=== SOURCE DATA ===
• • • • • • •
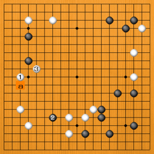 もう一つ上に、白1(C)とツメるのが正解です。この方が、黒二子に対して厳しいのです。黒2などと深く踏み込んで来られても、白3とケイマに煽る好手が生まれます。白1がaでは、次の厳しい手がありません。
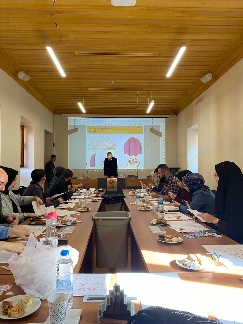 Uygulamalı Bilim Tarihi Atölyelerinin üçüncüsünde eğitmen Henk Hietbrink gözetiminde kâğıt üzerinde mukarnas denemeleri yapıldı.
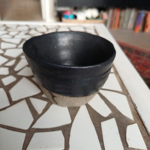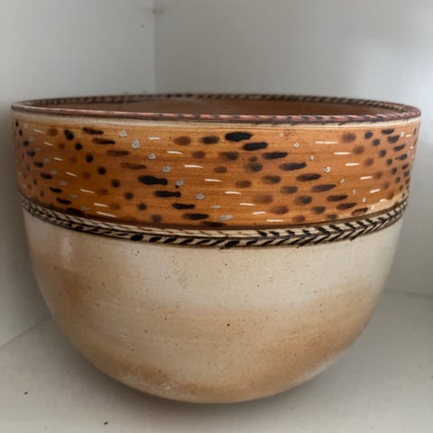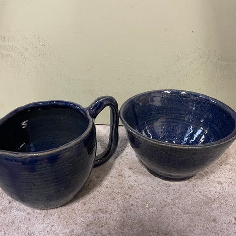 Keramik kande/skål med hældetud blå/Gutte Eriksen
• • • • • • •
=== YOUR TASK ===
Output the material above verbatim but exclude each picture.

=== ANSWER SECTION ===
 もう一つ上に、白1(C)とツメるのが正解です。この方が、黒二子に対して厳しいのです。黒2などと深く踏み込んで来られても、白3とケイマに煽る好手が生まれます。白1がaでは、次の厳しい手がありません。
 Uygulamalı Bilim Tarihi Atölyelerinin üçüncüsünde eğitmen Henk Hietbrink gözetiminde kâğıt üzerinde mukarnas denemeleri yapıldı.
 Keramik kande/skål med hældetud blå/Gutte Eriksen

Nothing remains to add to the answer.